Maturità agli sgoccioli. Ma anche sulle maturità è calato il bavaglio. In tempi normali, quando cioè l’amministrazione scolastica era un po’ più limpida, già si sapeva attraverso i giornali come stava andando. Perché i provveditorati facevano a gare per dare informazioni sui risultati. Un piccolo segno di efficienza, che in alcuni casi diventava addirittura grande dimestichezza coi sistemi informatici. Il caso più esemplare era quello di Brescia dove, in collaborazione con la Provincia, il provveditorato metteva in rete tutti i dati possibili e immaginabili per documentare la situazione di quelle scuole. E per la maturità, appunto, si avevano in tempo reale, giorno per giorno, tutti i risultati raggiunti dai candidati, i voti conseguiti, addirittura i loro commenti sulle prove.

Appena arrivata al ministero la bresciana Maria Stella Gelmini invece di fare tesoro della stupenda esperienza realizzata nella sua terra, aveva immediatamente imposto l’oscuramento del sistema.
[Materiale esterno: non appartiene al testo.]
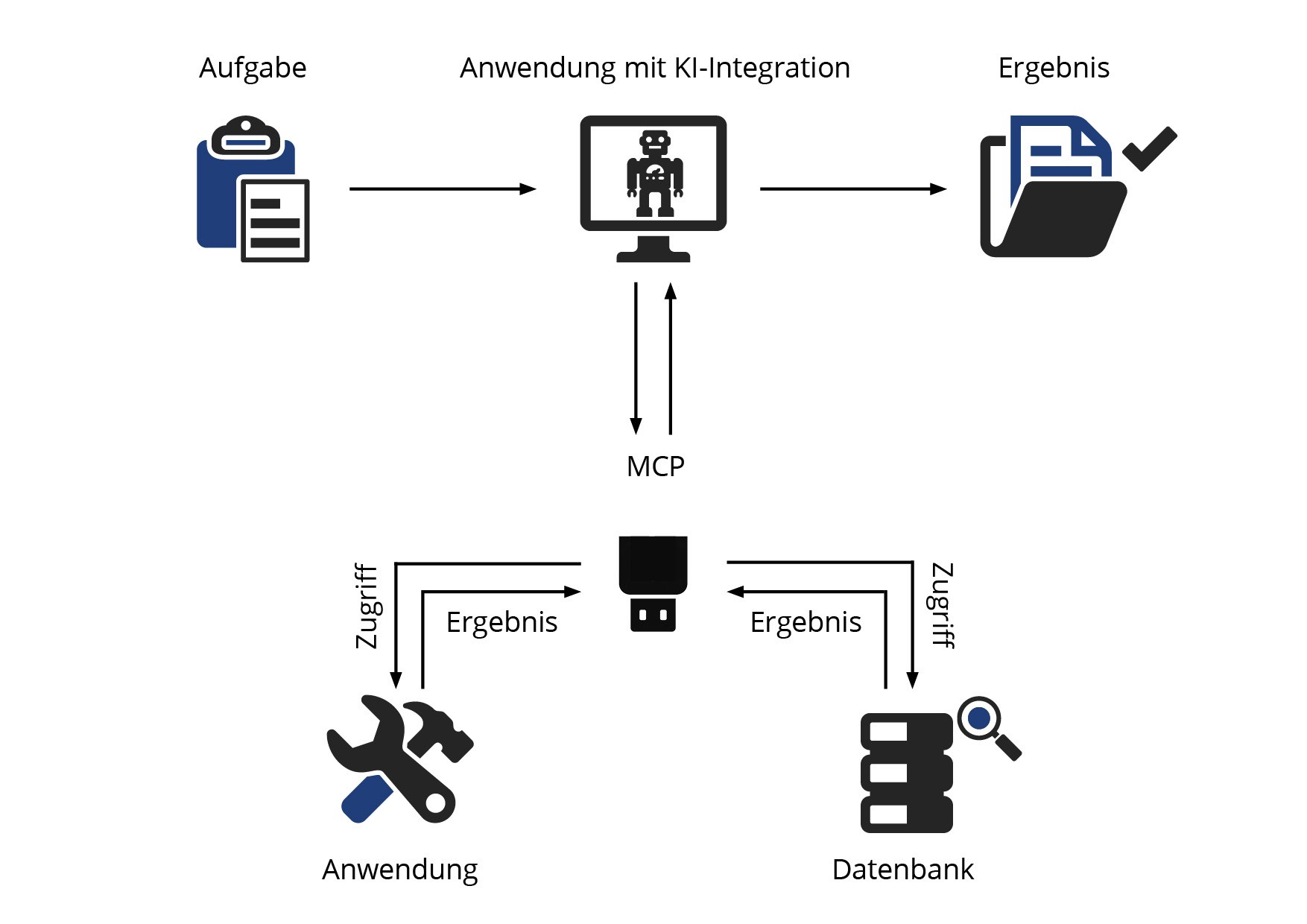 Durch standardisierte Schnittstellen wie MCP erhält Künstliche Intelligenz Zugriff auf Programme, Datenbanken und Dienste – und wird so vom Sprachmodell zum vielseitigen digitalen Assistenten. In diesem Beitrag zeigen wir, wie spezialisierte KI-Agenten in einem gesteuerten Workflow zusammenarbeiten können und warum Standardisierung der Schlüssel zur nachhaltigen Integration ist.

Inutile chiedere informazioni alle direzioni scolastiche regionali. “Il ministro – si spiegava – i dati li vuole dare lei. Del resto le commissioni, appena terminate le prove, trasmettono direttamente al ministero gli esiti dei candidati”. Sta di fatto che, in Lombardia ad esempio, ancora oggi non si conoscono i risultati della maturità 2009. Una situazione nella quale si cancella anche quel poco di trasparenza esistente, per dar modo al ministro di dare i suoi numeri. Ma come? Di tanto intanto la Gelmini in effetti annuncia: “Scuola più severa”. E via con un po’ di dati su bocciature o non ammissioni. Per lo più dei campioni di dati, senza mai indicare come quei campioni vengono stabiliti. Quindi di per sé informazioni non attendibili.

E per un ministro che ad ogni piè sospinto proclama che del merito fa il suo massimo obiettivo, questo non è certo un bel segnale. In queste condizioni si annulla, ad esempio, la possibilità di verificare la diversità degli esiti tra i candidati cosiddetti interni statali da quelli delle paritarie. Tanto meno si conosce la sorte dei candidati privatisti. Tener nascosti questi dati significa evitare il controllo sui diplomifici. Perché anche quest’anno il fenomeno di chi cerca un diploma a pagamento non è certo svanito. Senza dati tutto resta coperto. Ma forse non è il merito quel che effettivamente importa a Maria Stella Gelmini. Basta ricordare un episodio avvenuto appena entrata in carica. Sua sorella, una maestra del bresciano, si era lasciata intervistare. Un’intervista che doveva essere pubblicata con una foto di famiglia, col ministro preoccupata che l’immagine fosse adeguata. Passarono dieci giorni per avere l’ok alla pubblicazione. Per una questione, appunto, di immagine. L’immagine è quello che conta per il ministro, non la trasparenza del suo operato.